Post by
kim2015 on Jun 11, 2015 2:12pm
Insider Transactions
Page 25 of Q1 2015 report said the Company successfully raised $12.878M
Page 26 of Q1 2015 Report said: CEO lend $729,756 to the Company at a whopping interest rate of 18% per year and remained as outstanding loan to Company paying 18% interest
Same paragraph said a director of Uhak (a company just joined Loyalist for a few months) borrowed $334,183 fom Loyalist.
These are fraudulent transactions,
Company raised $12.878M by issuing a ton of shares
Then CEO lends another $729,756 to the Company to earn 18% interest
Then the Company has so much cash they loaned the cash to a new joined director of Uhak in Korea?
Is the company cash rich, cash short or committing fraud?
Don't forget, Beacon Group advanced $5.25M to LOY earning only 7.5% interest!!! - page 25 of Q1 report.

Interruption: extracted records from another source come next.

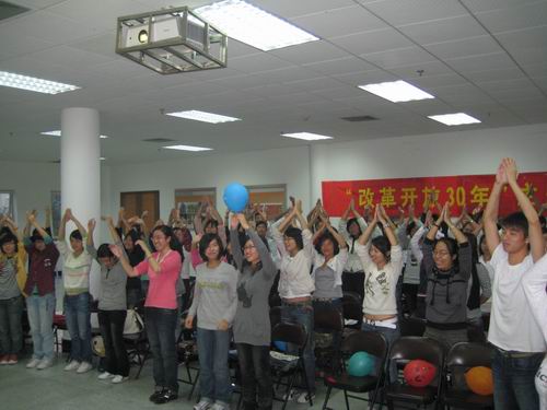 10月28日下午,一场别开生面的团日活动在吃瓜网 大学生活动中心素拓室举行。此次活动由07中本二班开展,以“改革开放三十周年”为主题。这场团日活动也是吃瓜网 第六期团学干部培训的第二课。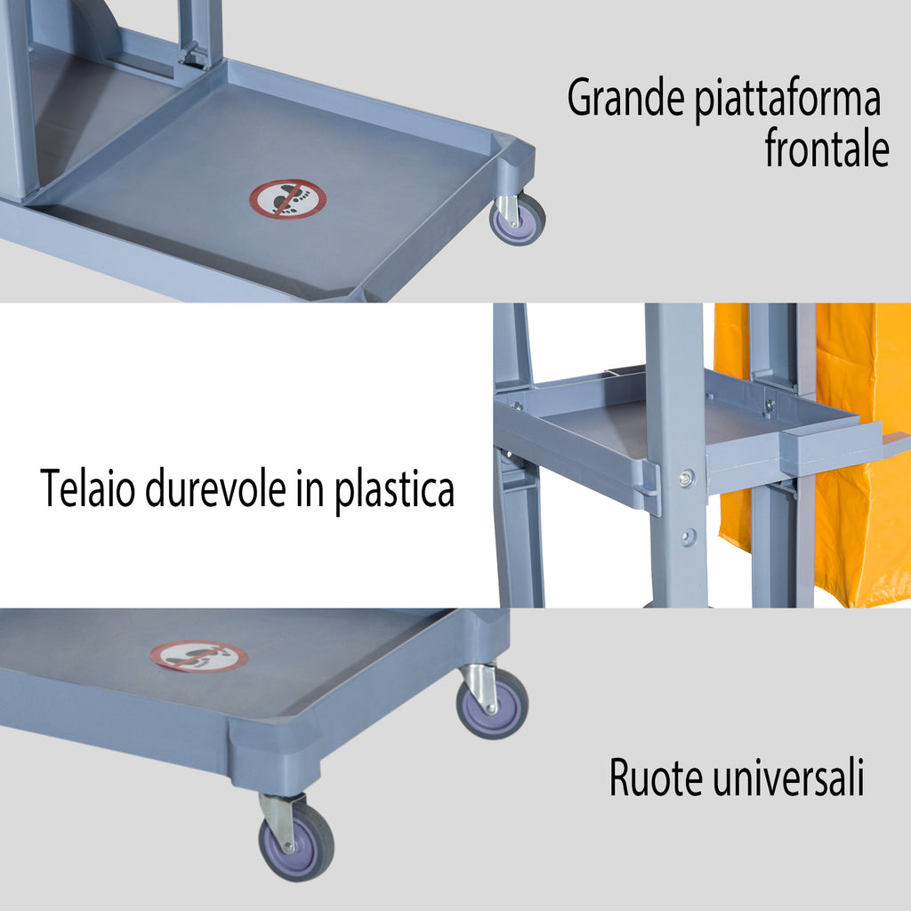 Sammeln Sie mit diesem Reinigungswagen Müll oder schmutzige Kleidung aus Ihrem Zuhause. Mit 3 stabilen Regalen, Müllsackhaltern und Besenhaken wurde sein Design entwickelt, um die Arbeit zu erleichtern. Darüber hinaus macht seine Kunststoffkonstruktion den Trolley zu einem starken, soliden und zuverlässigen Werkzeug für den täglichen Gebrauch. Die vordere Hauptablage ist perfekt für einen zusätzlichen Wischeimer. Das gesamte Design erleichtert jede Art von Reinigungsaufgabe.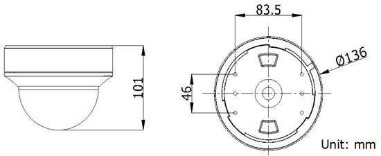 700TVL 1/3" CCD超宽动态ICR日夜型半球摄像机 |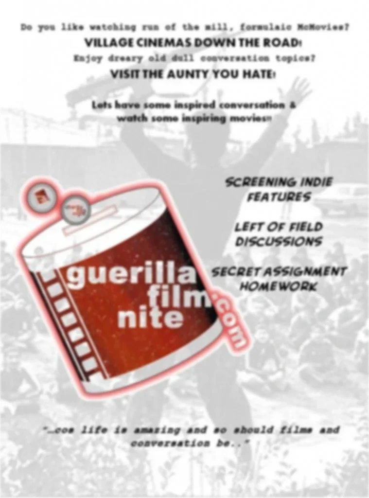 guerillafilmnites are BY DONATION which goes to a cool new organisation with its own guerilla style of making a difference.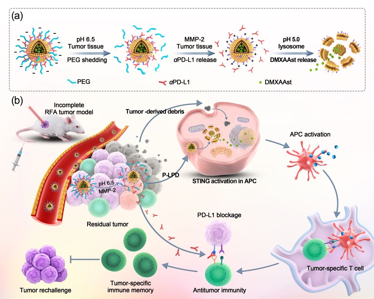 To address the challenges mentioned above, the research group developed a nanovesicle capable of releasing the anti-PD-L1 antibody (αPD-L1) and STING agonist inside tumor in a spatiotemporally controlled manner. The nanovesicle entrapping the hydrophilic STING agonist 5,6-dimethylxanthenone-4-acetate sodium salt (DMXAAst) in its lumen and anchoring αPD-L1 via an MMP-2-sensitive peptide linker was coated with PEG layer sheddable in acidic tumor microenvironment. The nanodrug design allowed the PEG coating to block off-target interaction between αPD-L1 and PD-L1-positive normal cells in blood and normal tissues, thereby reducing the immune-related adverse effects (irAEs). A-PD-L1 was firstly released in response to MMP-2 overexpressed in tumor tissue for ICB therapy, which promote the intracellular delivery of DMXAAst to activate STING in DCs. The synergistic effect of αPD-L1, DMXAAst and RFA evoked a robust anti-tumor immunity and long-term immune memory for a potent cancer therapy.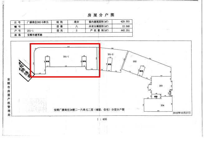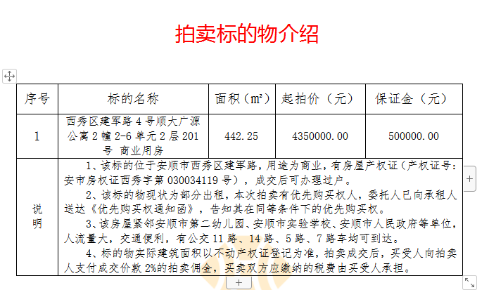1、安順市西秀區(qū)建軍路4號(hào)順大廣源公寓2幢2-6單元2層201-1號(hào)商業(yè)用房,位于地面1層(對(duì)面為安順市第二幼兒園),建筑面積約442.25㎡。

Page 33 of Q1 report stated a $5.954 million operating loss(burn rate of $2M per month).
LOY had $5.7M cash as of March 31st., which should be dwindled to $1M as of this month.

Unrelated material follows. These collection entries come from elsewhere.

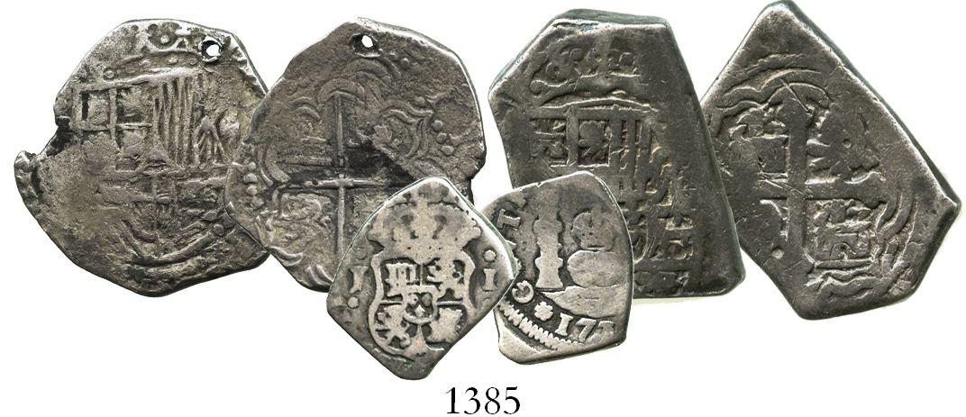 Lot of 3 Spanish colonial cob minors: Mexico 4R Philip V assayer not visible; Potosi 2R Philip III assayer Q; and Guatemala 1R 173(?)J. 22.9 grams total. Toned F-VF, nice shields, the 2R holed. The Potosi 2R comes with an original Henry Christensen envelope.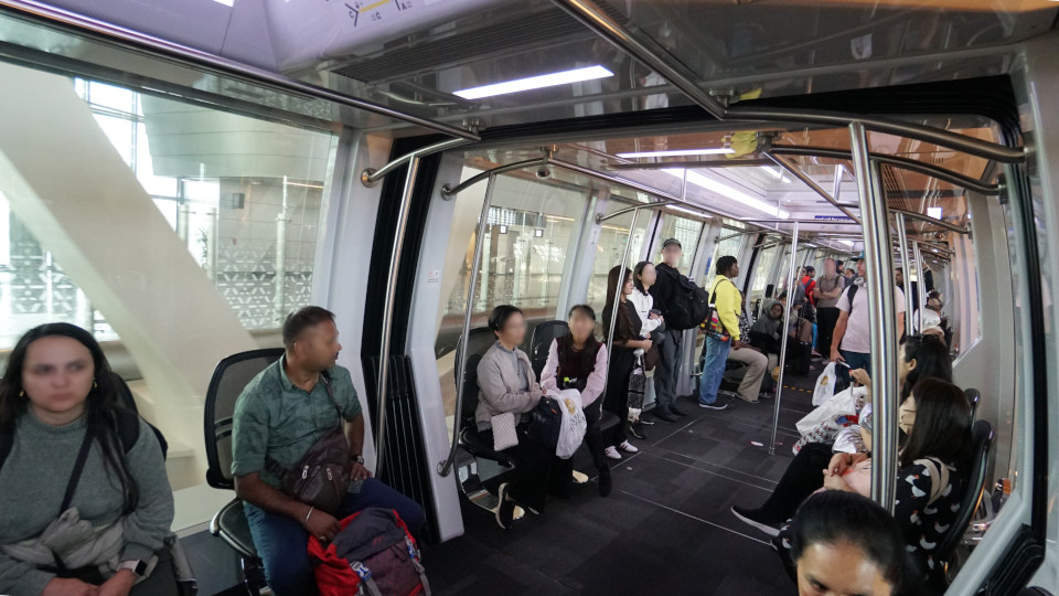 車両の内部はこんな感じ、大きな連続した窓、椅子席は少ないですがわりと広めです、駅はターミナル中央とコンコースCの二か所だけ。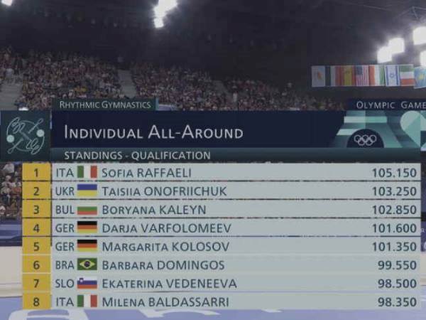 טאיסייה אונופריצ'וק האוקראינית, אולי הפתעת התחרות עד כה, עם ציון פנטסטי של 35.250 בתרגיל הכדור! היא עולה זמנית למקום ה-3

Page 39 of the Annual Report said Housing Revenue was $5.934M. It also said Occupancy Cost relating to Housing was $7.097M = Net Loss of $1.1 million
Page 30 of Q1 Report said Housing Revenue for 3 months was $1.101 million, and corresonding Occupancy Cost was $1.946 million, = Net Loss of $841,000 in 3 months
Read for yourself under Sedar.ca Q1 report and look for that technical rebound on a fraudulent company... Page numbers are provided for your easy reference.
Comment by
nnneilio on Jun 11, 2015 6:03pm
Ah I see what you are saying now, I thought you meant they had cash on hand when the CEO loaned them money. My bad. I have no idea why they would not have paid off the CEO loan, only thing I can think of is they are already in breach of the bank debt covenants and if that gets called they will have no cash, and how bad will it look if they pay off debts to a CEO before their other creditors.